KONTAN.CO.ID - JAKARTA. PT VKTR Teknologi Mobilitas Tbk (VKTR) membidik peluang pertumbuhan bisnis kendaraan listrik seiring percepatan elektrifikasi transportasi publik dan sektor komersial di Indonesia. 

Salah satu pasar yang dibidik perseroan berasal dari program elektrifikasi armada Transjakarta yang ditargetkan mencapai 10.000 unit hingga 2030.

Direktur Utama VKTR Anindra Ardiansyah Bakrie mengatakan, Transjakarta menjadi pasar strategis sekaligus acuan bagi pemerintah daerah lain dalam mengembangkan transportasi publik berbasis kendaraan listrik.


“Transjakarta ini adalah model benchmarking bagi daerah-daerah lain di Indonesia,” ujar Anindra usai Rapat Umum Pemegang Saham Tahunan (RUPST), Selasa (19/5/2026).

Baca Juga: Produk Mamin Indonesia Raup Nilai Transaksi US$ 3,55 Juta di SIAL Shanghai 2026

Menurut dia, Transjakarta telah memaparkan rencana pengadaan bus listrik secara bertahap mulai dari bus besar, sedang, hingga kecil.
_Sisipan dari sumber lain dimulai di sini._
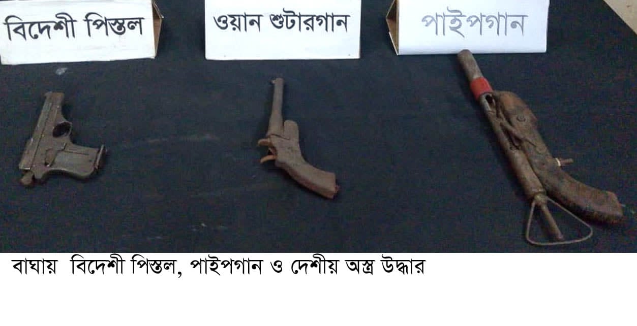 বাঘা ঘানার অফিসার ইনচার্জ (ওসি) আছাদুজ্জামান জানান, উপজেলার গড়গড়ী ইউনিয়ন এর খায়েরহাট চর এলাকা থেকে পুরাতন জংধরা অচল ১টি বিদেশী পিস্তল, ১টি পাইপগান, ১টি ওয়ান শুটারগান এবং ১টি ম্যাগাজিন পরিত্যক্ত অবস্থায় র্যাব-৫ কর্তৃক উদ্ধার করা অস্ত্রগুলো থানায় জিডিমূলে জমা দেন। কোন আটক নেই। ।#
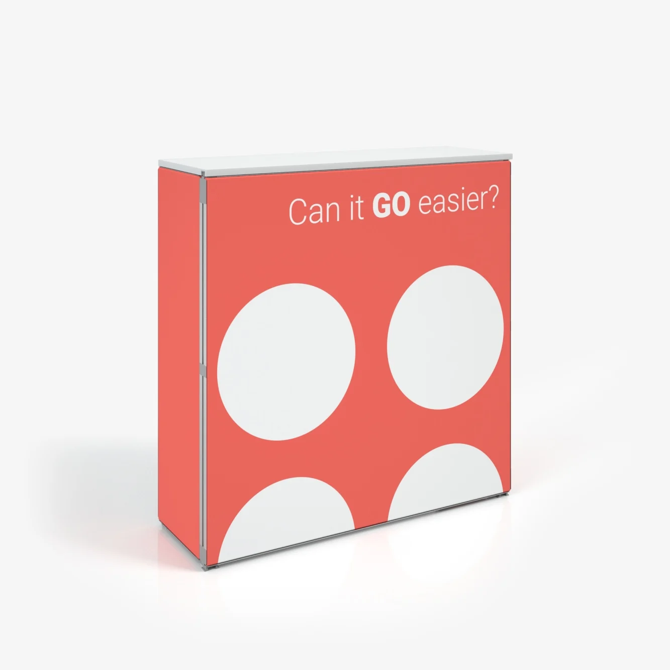 - Hoogwaardige driedelige print: De balie is voorzien van sublimatiebedrukte textielpanelen aan drie zijden. Dankzij het Silicon Edge System (SEG) zijn de prints eenvoudig te monteren en zorgen ze voor een scherpe, kleurrijke weergave van jouw merk en boodschap.
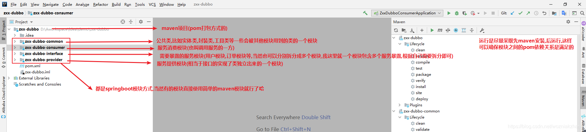 虽然微服务已经流行起来了,但是由于公司很多架构仍然是采用dubbo+zookeeper搭配组合实现分布式项目架构,所以这里还是象征性写个笔记,以后可以用来回味,博客基于当时最新稳定版而写的,后续版本有变化,请自行留意.(springboot2.3.4+dubbo2.7+zookeeper3.6.2)
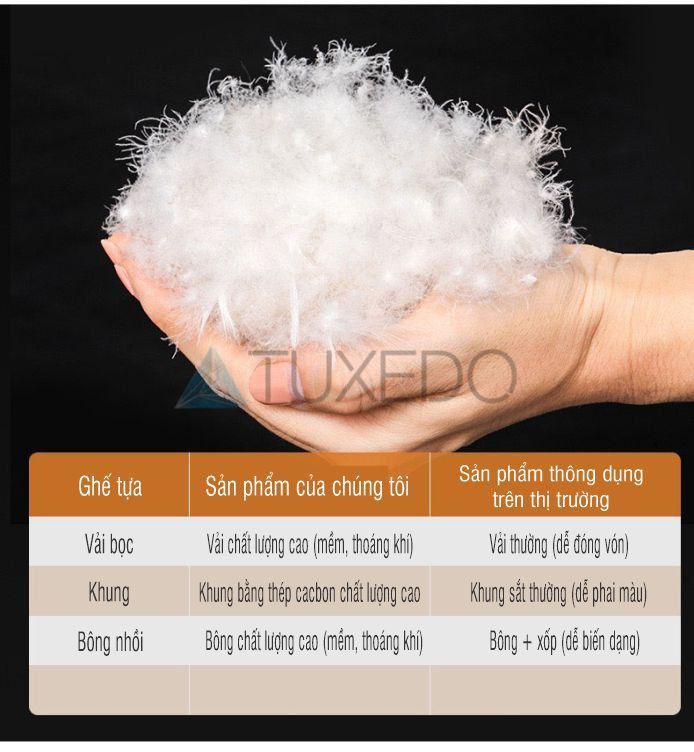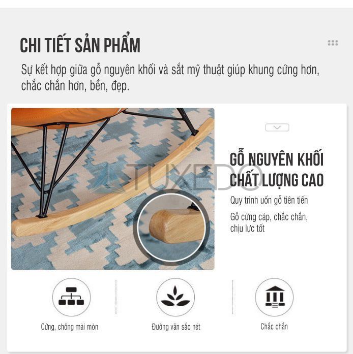 Khung ghế bập bênh của Tuxedo Corp được sản xuất từ chất liệu thép sơn tĩnh điện cực kì chắc chắn và có khả năng chịu lực tốt (khối lượng lên đến 200kg)
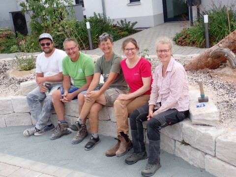 Die Baustelle diente als Lehrbaustelle für angehende Naturgarten-Profis, bezog aber auch örtliche Helfer mit ein.
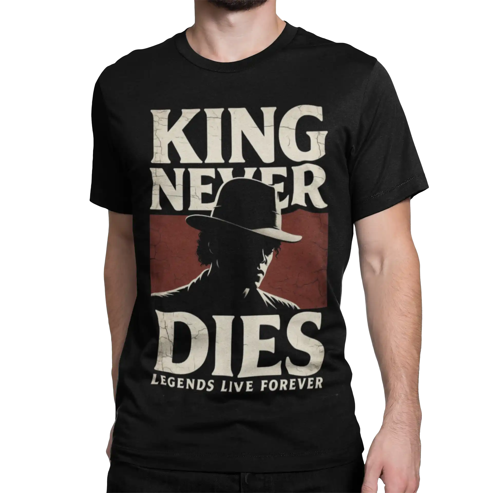 Motyw „King Never Dies – Legends Live Forever” sprawia, że to koszulka dla fanów muzyki, legend i ponadczasowego stylu.
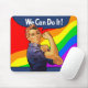 Den retro eraen Rosie för klassikern WWII riveteren "kan vi göra den" avbildar är en traditionell symbol för starka kvinnor. Hon visas här mot färgad bakgrund för vågigt regnbågen
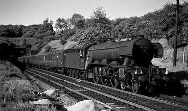 LMS Princess Royal Class 6201 "Princess Elizabeth" roars through another forgotten Yorkshire branch line station with the Scarborough Flyer.Probably the last mainline shot of her before her boiler ticket expires.

Namun realisasi pengadaan tetap bergantung pada persetujuan anggaran pemerintah daerah.

“Pelaksanaannya sangat tergantung dari beliau-beliau di Transjakarta. Jadi masalah pengajuan anggaran mereka ke DPRD, misalnya anggaran tahunannya masih belum sepenuhnya disetujui,” katanya.

Selain sektor transportasi publik, VKTR juga melihat peluang pertumbuhan datang dari segmen pertambangan, perkebunan, dan logistik yang mulai melirik kendaraan listrik akibat tingginya harga bahan bakar minyak (BBM), terutama di luar Pulau Jawa.
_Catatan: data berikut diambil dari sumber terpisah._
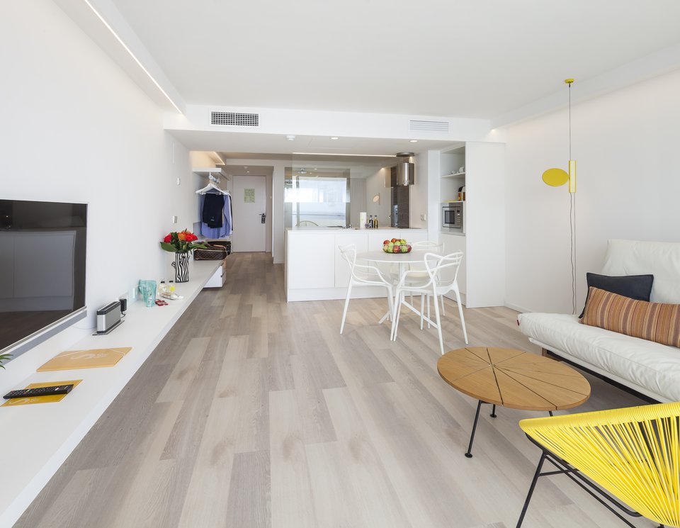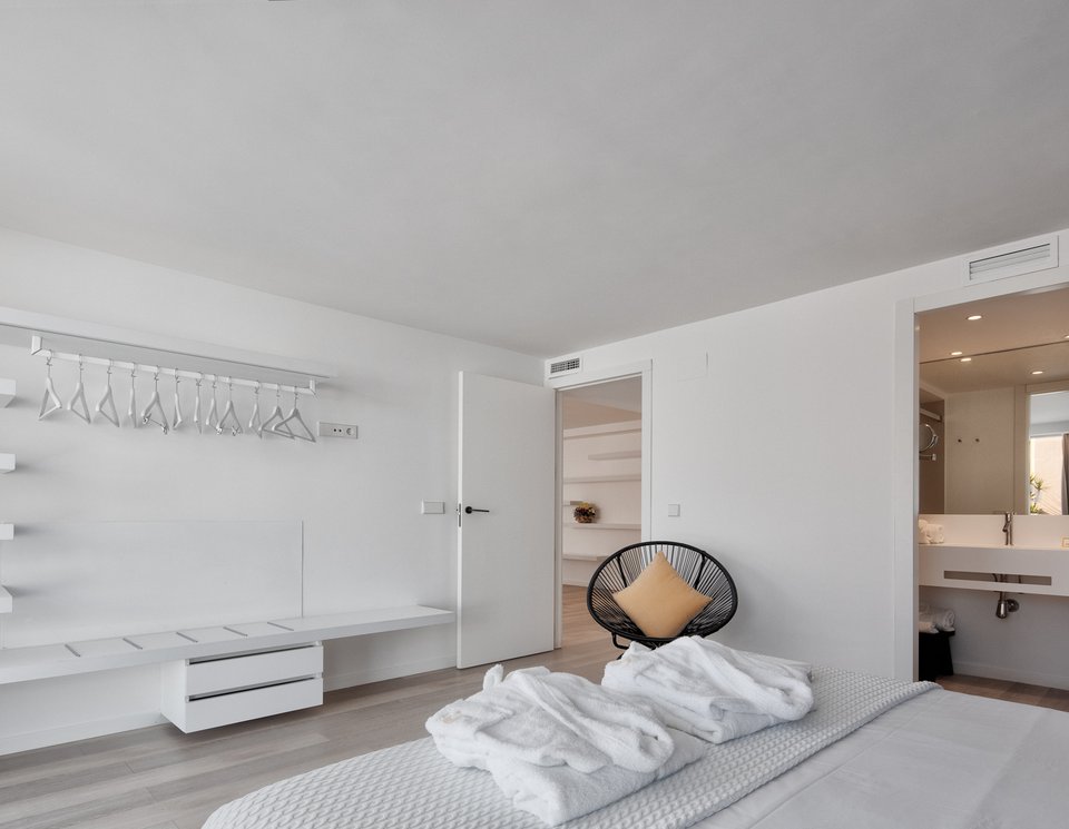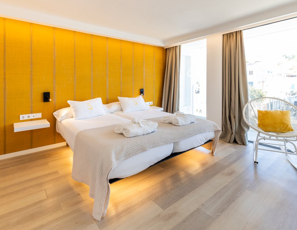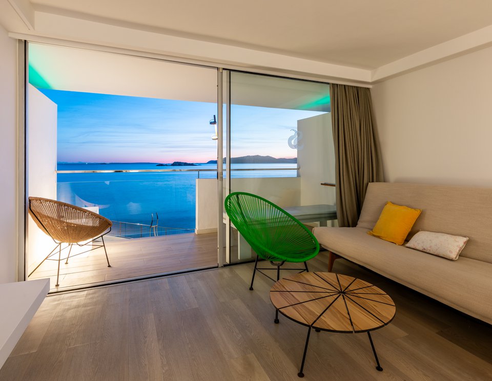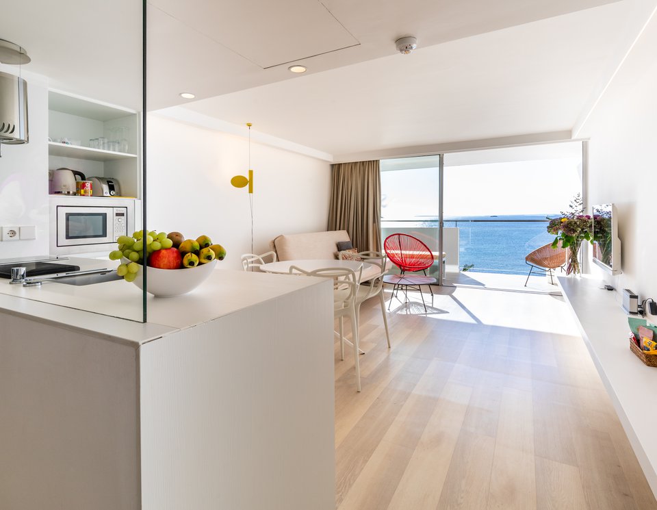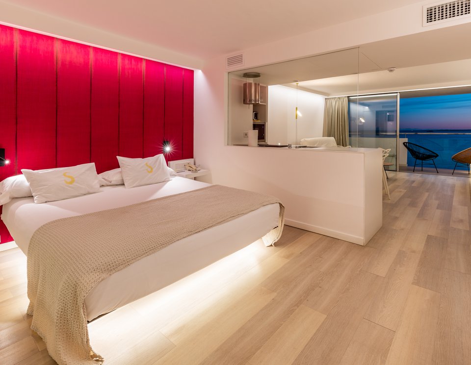 Sud Ibiza Suites is located on the popular Figueretas Beach, just a 15-minute walk (1.3 kilometers) from Dalt Vila, the historic center of the city. Ibiza’s port is 1.4 kilometers from the complex, and the island’s airport is only a 10-minute drive away (approximately 6 kilometers). Several of the world’s most famous nightclubs, such as Hï, Pacha, and UNVRS, are also just a few minutes’ drive from Sud Ibiza Suites. In addition, the renowned restaurant Ciento80 is located on the ground floor of the property itself.

“Dari segmen pertambangan, segmen perkebunan, segmen logistik, apalagi kalau ngomong di luar Pulau Jawa, mereka sangat tertarik untuk segera melakukan konversi dari diesel menuju electric vehicle,” ujarnya.
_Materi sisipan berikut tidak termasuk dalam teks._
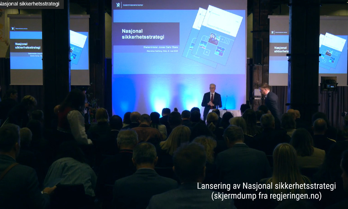 På selve frigjøringsdagen lanserte regjeringen og Jonas Gahr Støre en Nasjonal sikkerhetsstrategi. Dagen var ikke tilfeldig valgt. Støres presentasjon åpnet med en direkte henvisning til 8. mai 1945, en gledens dag over at krigen var slutt. Nå står vi imidlertid «i den mest alvorlige og usikre tiden Norge har stått i siden den annen verdenskrig», ifølge Støre. Han pekte på dirkete trusler mot norsk sikkerhet: Russland, Kina og til og med «vår nærmeste allierte USA», som nå opptrer på en måte som skaper usikkerhet.
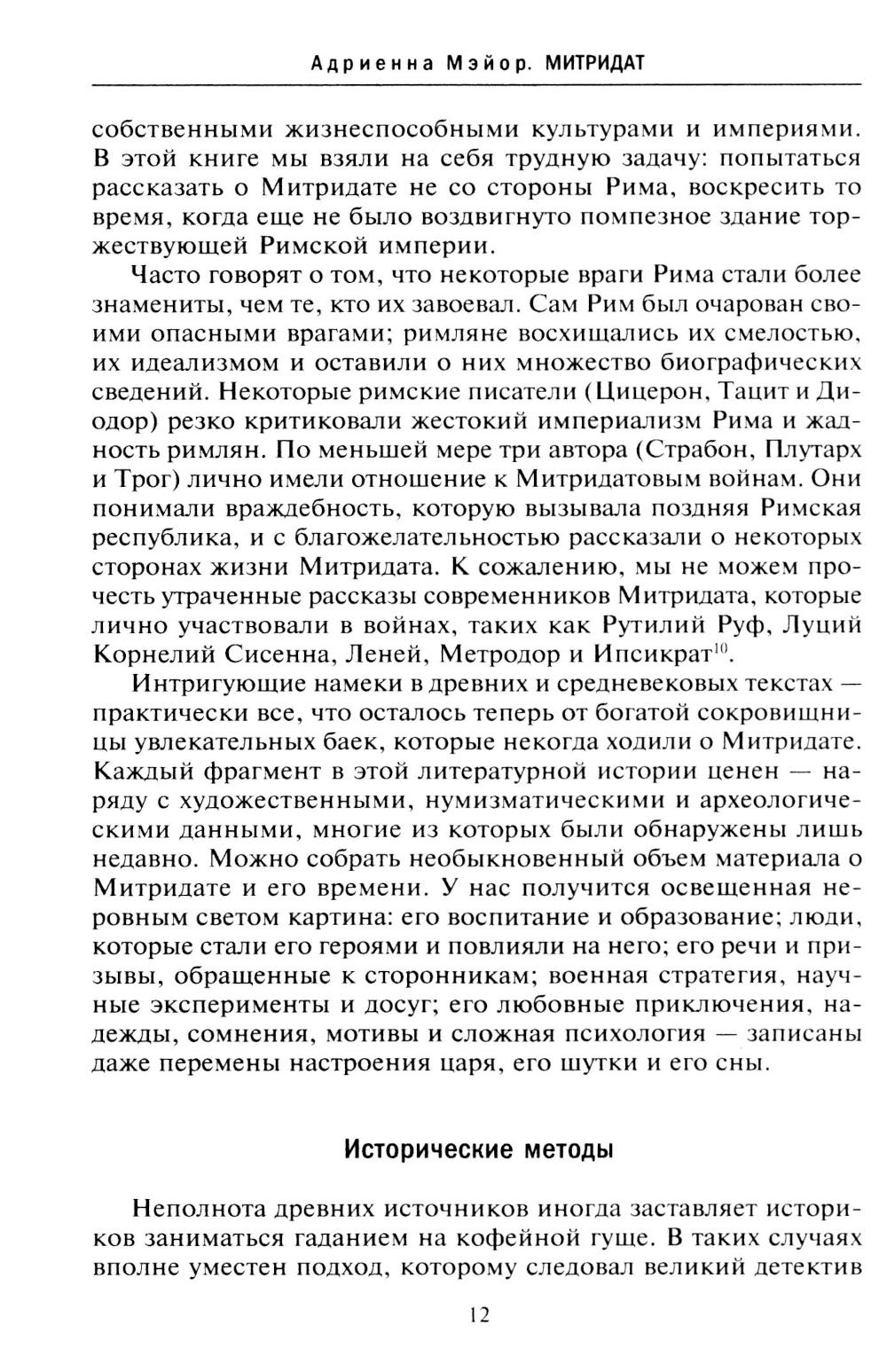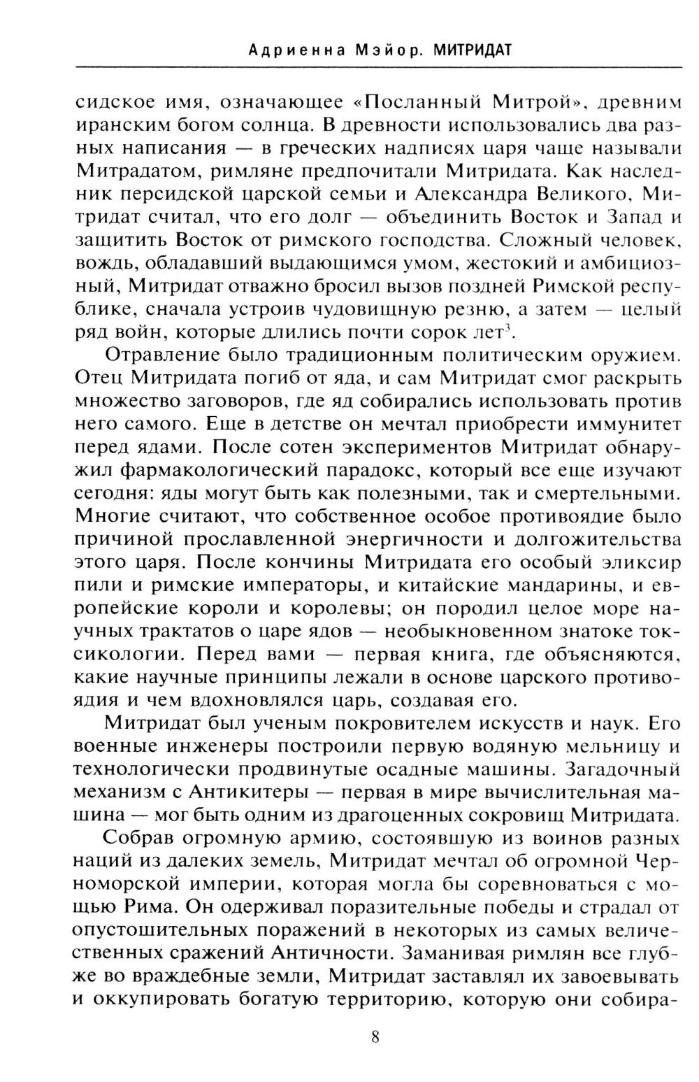 Адриенна Мэйор, преподаватель древней истории Стэндфордского университета, впервые преподносит читателю полную историю одного из самых безжалостных царей, мятежника-мечтателя, бросившего вызов власти Рима в I веке до н. э., Митридата. Макиавелли восхищался его военной гениальностью, европейские короли гонялись за его секретным противоядием... Одаренный высоким интеллектом и пылкими амбициями, став правителем, Митридат мечтал о Великой восточной империи, которая могла бы соперничать с Римом... Чарующий и пугающий властитель, проклятие Римской империи, агрессивный, очаровательный, хитрый, жестокий тиран; геноцид, террор, алхимия - все это Митридат.| Издательство | Центрполиграф |
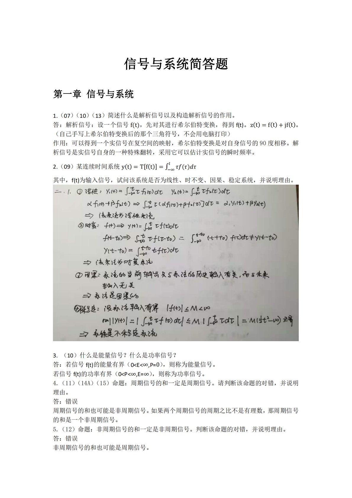 信号与系统简答题第一章信号与系统1.(07)(10)(13)简述什么是解析信号以及构造解析信号的作用。答:解析信号:设一个信号f(t),先对其进行希尔伯特变换,得到f(t)。zt=ft+jft。(自己手写上希尔伯特变换后的那个三角符号,不会用电脑打印)作用:可以得到一个实信号在复空间的映射,希尔伯特变换是对自身信号的90度相移。解析信号是实信号自身的一种特殊翻转,采用它可以估计实信号的瞬时频率。2.(09)某连续时间系统yt=Tft=()其中,f(t)为输入信号,试问该系统是否为线性、时不变、因果、稳定系统,并说明理由。3.(10)什么是能量信号?什么是功率信号?答:若信号f(t)的能量有界(...

Anindra menyebut tingginya harga dan keterbatasan pasokan BBM di luar Jawa menjadi salah satu faktor yang mendorong minat konversi kendaraan komersial ke kendaraan listrik.

Saat ini posisi VKTR cukup kompetitif dalam pengadaan kendaraan listrik nasional karena telah mengantongi tingkat komponen dalam negeri (TKDN) di atas 40%.

“Mudah-mudahan kita bisa menjadi preferred supplier untuk Transjakarta,” katanya.

 
VKTR Chart by TradingView

Dalam RUPST, VKTR juga menunjuk mantan Direktur Utama Transjakarta Mochamad Yana Aditya ke jajaran direksi. Kehadiran Yana diharapkan memperkuat strategi VKTR dalam menangkap peluang elektrifikasi transportasi.

“Saya yakin dengan ada tambahan di sini juga dari yang baru ada Pak Yana, dengan ekspertis masing-masing, semakin memperkuat VKTR,” ujar Bakrie. 

Sementara itu, Direktur VKTR Mochamad Yana Aditya optimistis kinerja perseroan akan terus membaik pada tahun ini.

“Sebetulnya 2025 itu laba neto kita ini positif, lebih tinggi dari tahun 2024. Dan untuk pendapatan 2026 InsyaAllah naik,” ungkapnya.

VKTR mencatat, penjualan kendaraan listrik meningkat 60% sepanjang 2025 dibanding tahun sebelumnya. VKTR juga telah menyelesaikan pengiriman 50 unit bus listrik untuk Transjakarta dari total pesanan 80 unit, sementara sisa pengiriman dirampungkan pada kuartal I-2026.

Hingga April 2026, armada kendaraan listrik produksi VKTR telah mencatat jarak tempuh operasional lebih dari 17 juta kilometer dan berkontribusi terhadap estimasi pengurangan emisi karbon hingga 15.000 ton CO2.